Your instructions: Without the pictures, retype each line below exactly as it stands.

Input data:
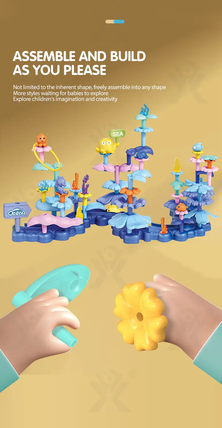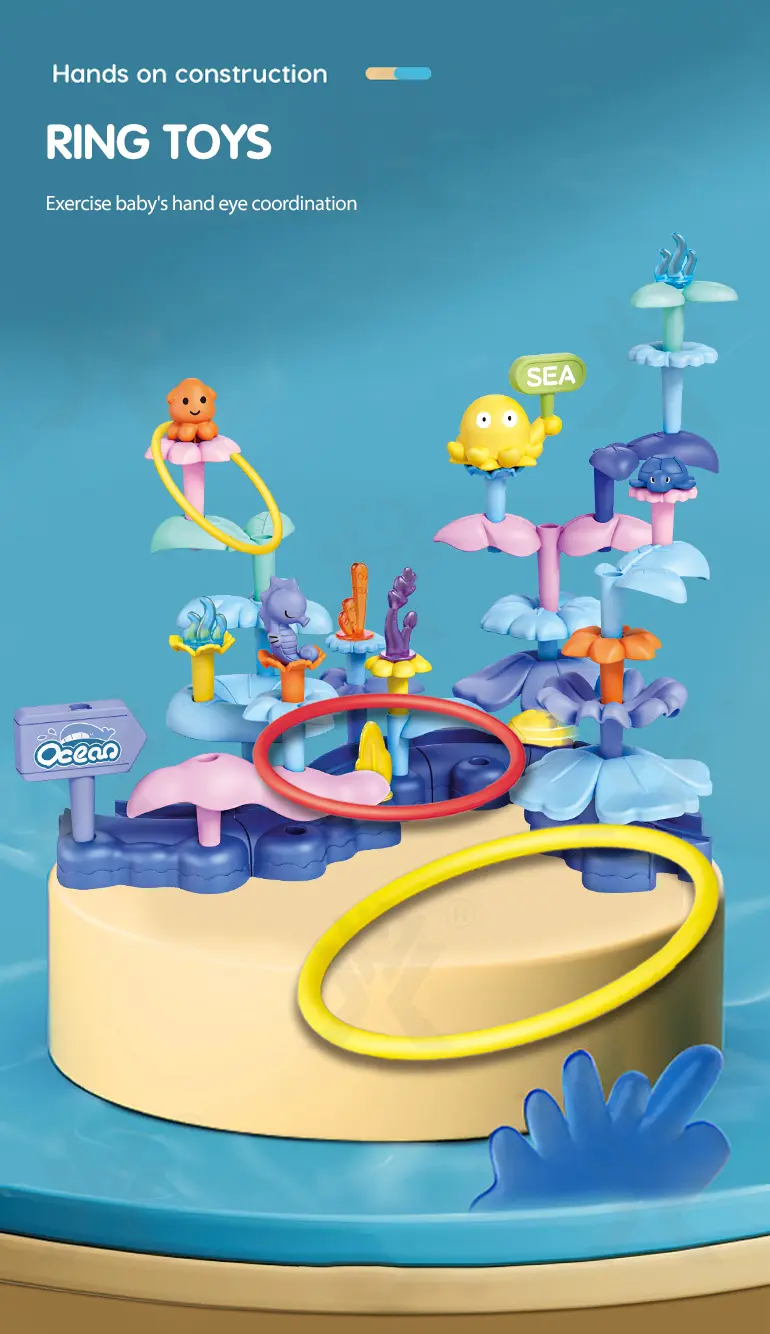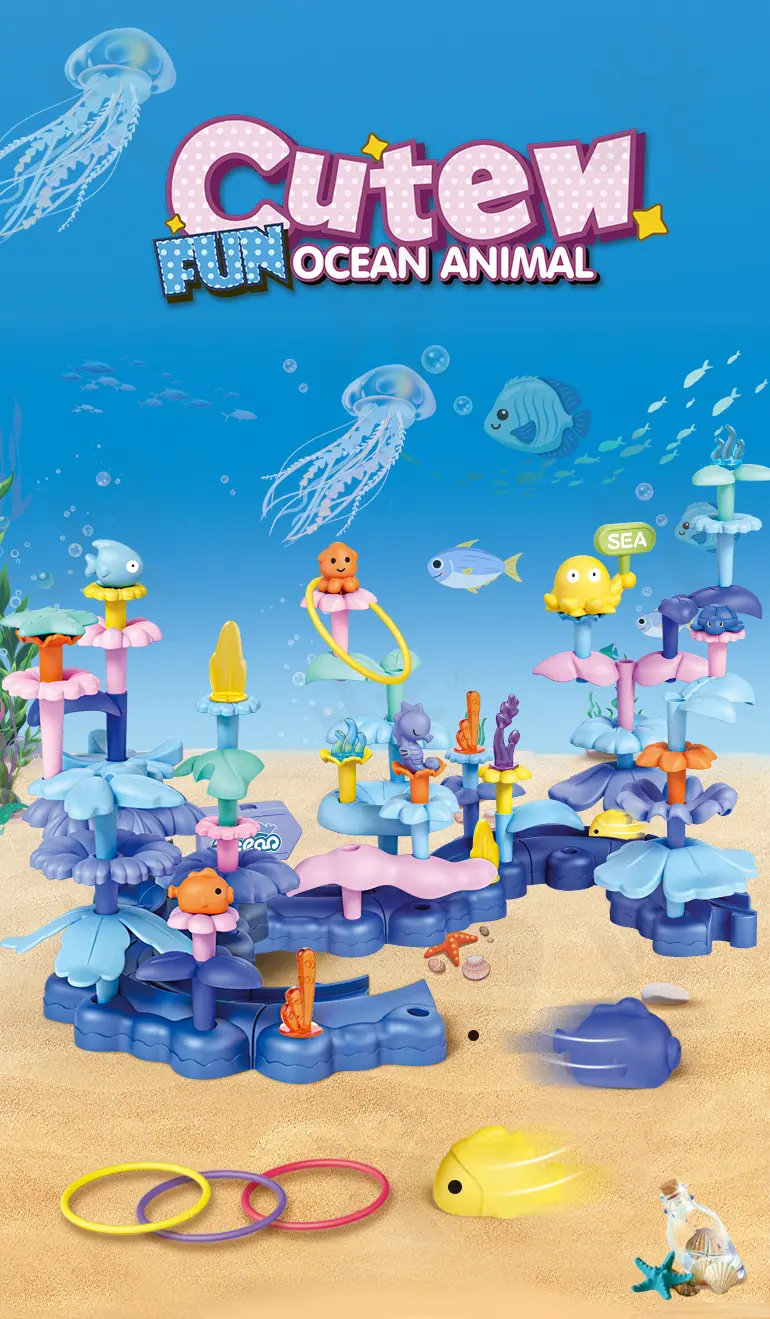 Wholesale ocean garden building blocks. It is an arrangement toy that contains ocean animals, flowers, with rich accessories—builds color & shape cognition, fine motor skills & parent-child bonding.
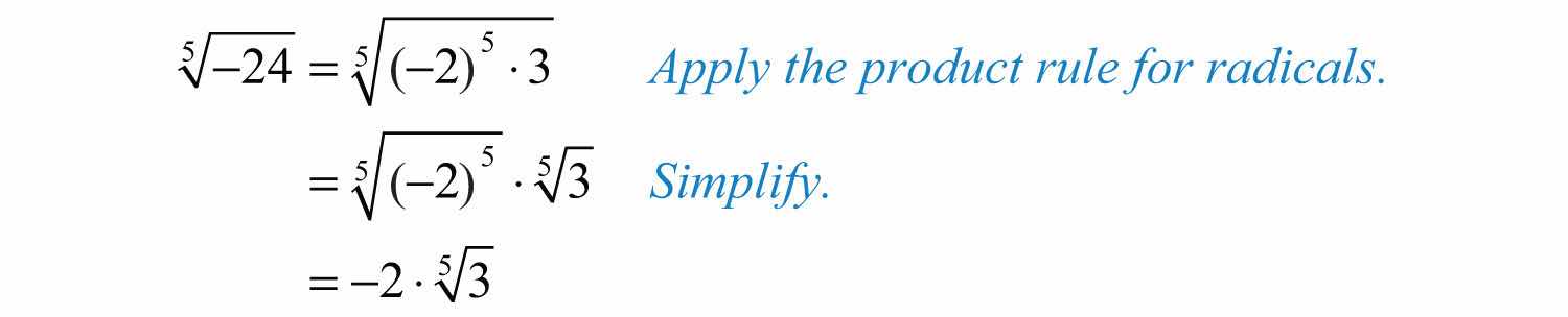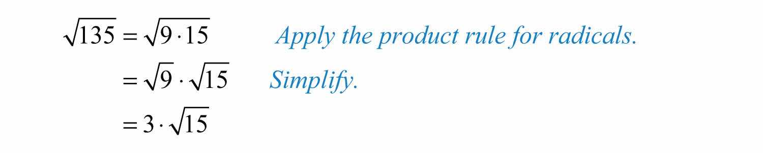 It will not always be the case that the radicand is a perfect power of the given index. If not, we use the following two properties to simplify them. If a and b represent positive real numbers, then we have
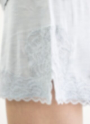 Dessa mjuka shorts i spunnet silke med eleganta spetsdetaljer är både vackert och bekvämt. Shortsen är i 100% mullbärssiden och är spunnetsilke. Spunnetsilke är inte lika glansig men är istället otroligt mjuk och har alla andra bra egenskaper som siden har. Tack vare sidenets naturligt temperaturreglerande egenskaper är linnet både svalt och behagligt mot huden – perfekt för varma nätter. Kombinera gärna med de matchande sidenshortsen för en komplett och lyxig pyjamas. Alla spetsdetaljer är fodrade och skaver inte mot huden.
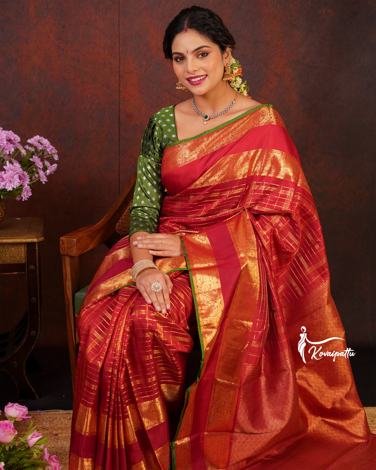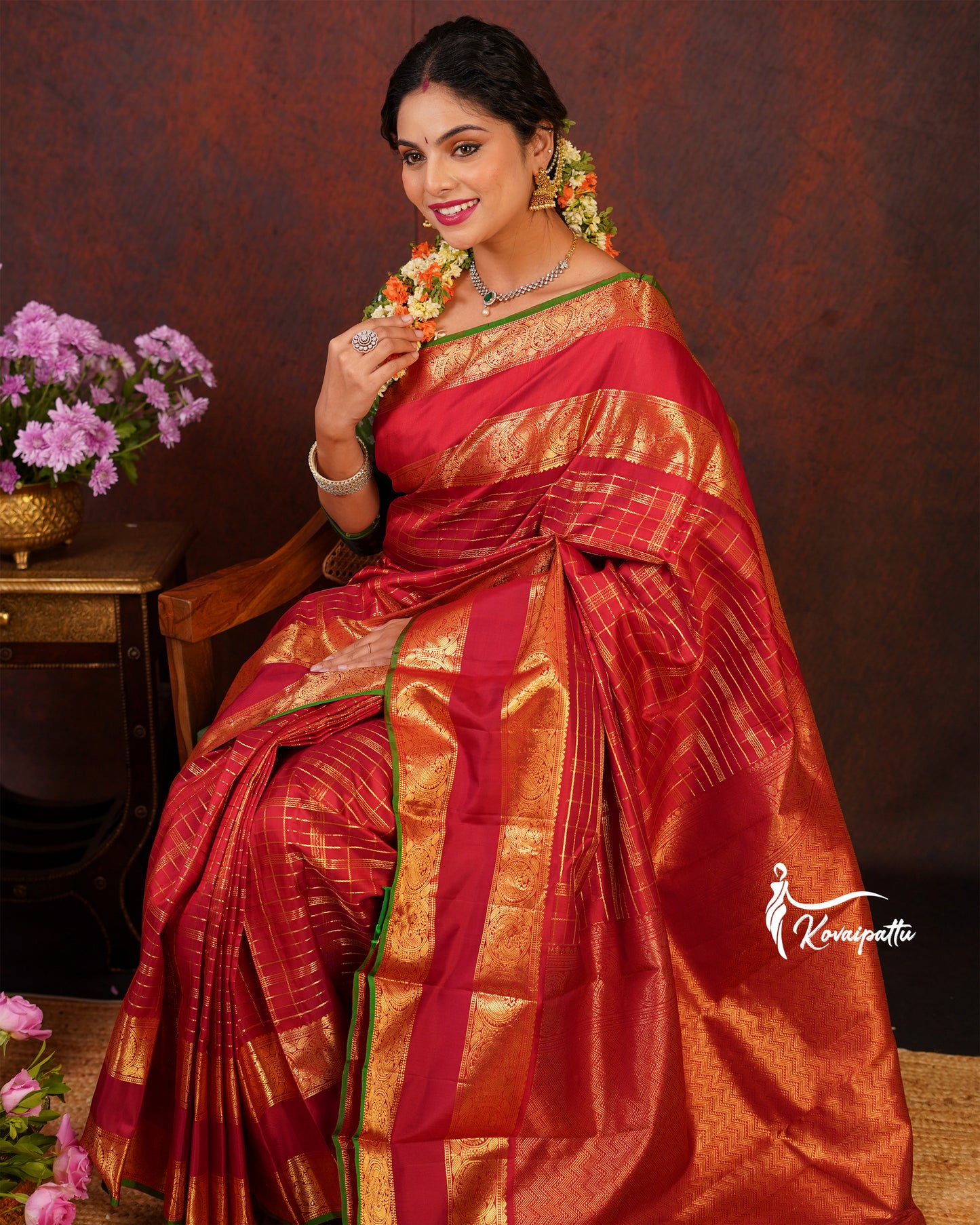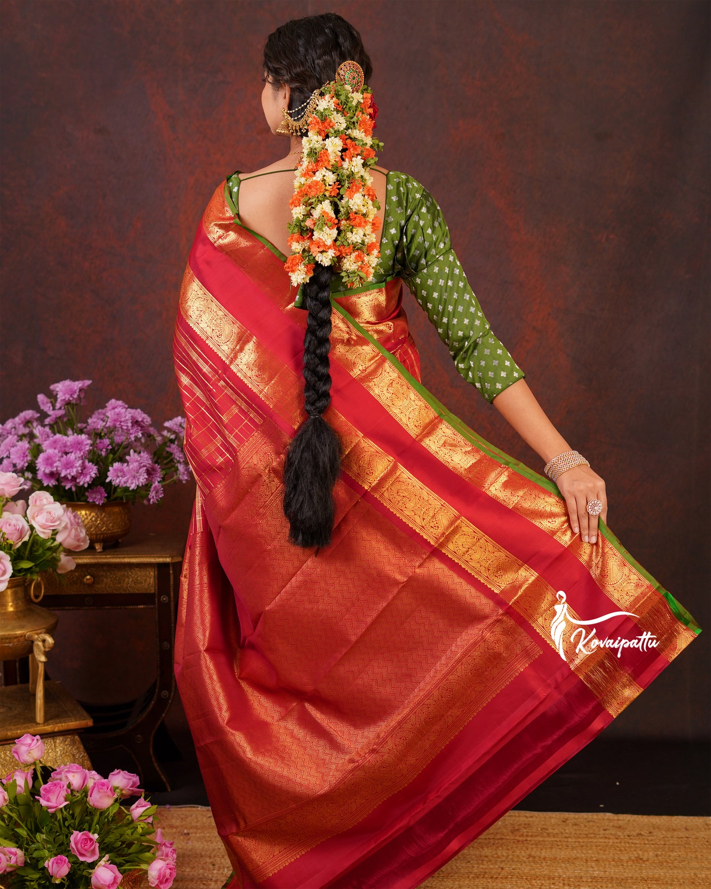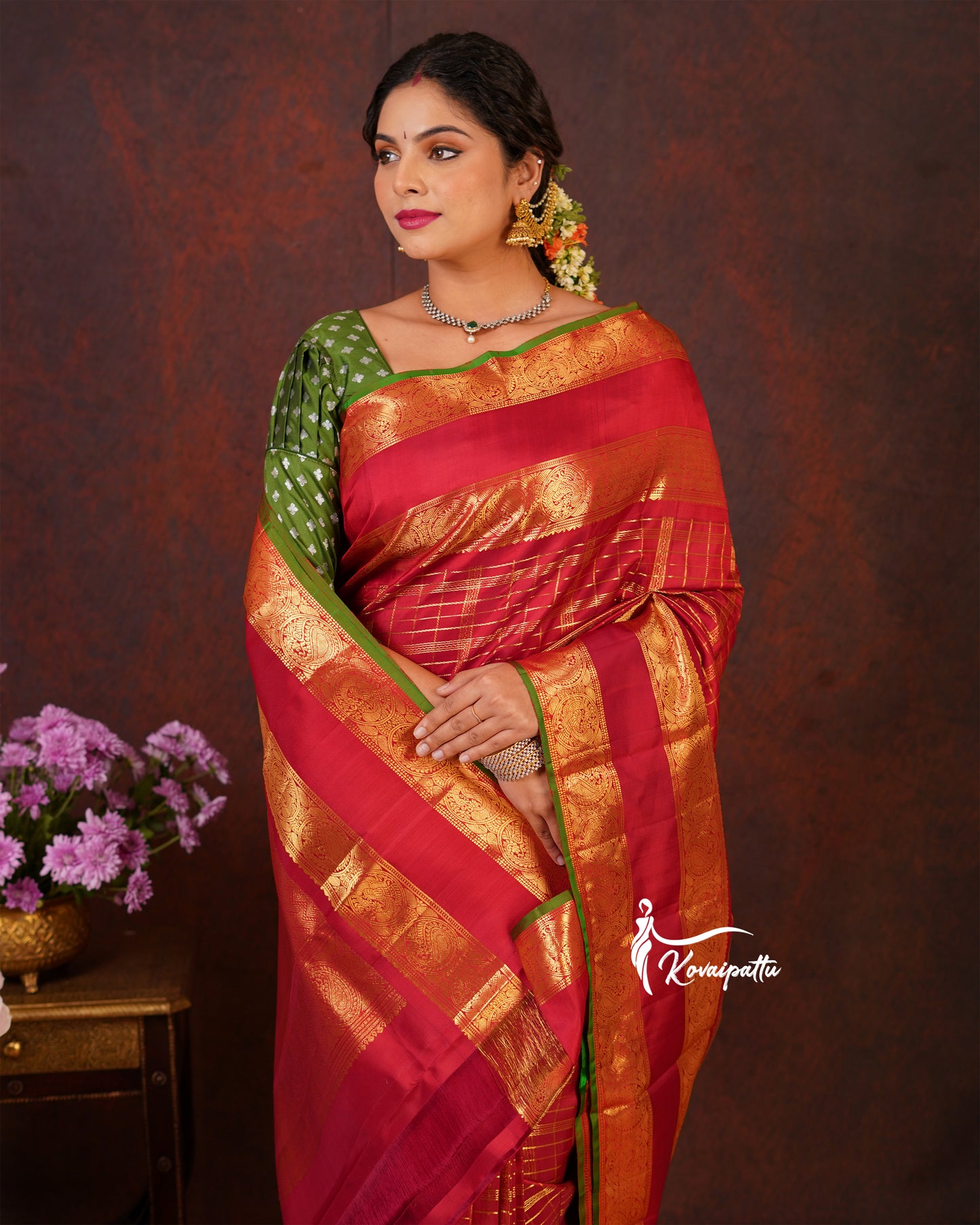 Saree Fabric: This elegant Marron Kattam Kanjivaram silk saree.

Response box:
 Wholesale ocean garden building blocks. It is an arrangement toy that contains ocean animals, flowers, with rich accessories—builds color & shape cognition, fine motor skills & parent-child bonding.
 It will not always be the case that the radicand is a perfect power of the given index. If not, we use the following two properties to simplify them. If a and b represent positive real numbers, then we have
 Dessa mjuka shorts i spunnet silke med eleganta spetsdetaljer är både vackert och bekvämt. Shortsen är i 100% mullbärssiden och är spunnetsilke. Spunnetsilke är inte lika glansig men är istället otroligt mjuk och har alla andra bra egenskaper som siden har. Tack vare sidenets naturligt temperaturreglerande egenskaper är linnet både svalt och behagligt mot huden – perfekt för varma nätter. Kombinera gärna med de matchande sidenshortsen för en komplett och lyxig pyjamas. Alla spetsdetaljer är fodrade och skaver inte mot huden.
 Saree Fabric: This elegant Marron Kattam Kanjivaram silk saree.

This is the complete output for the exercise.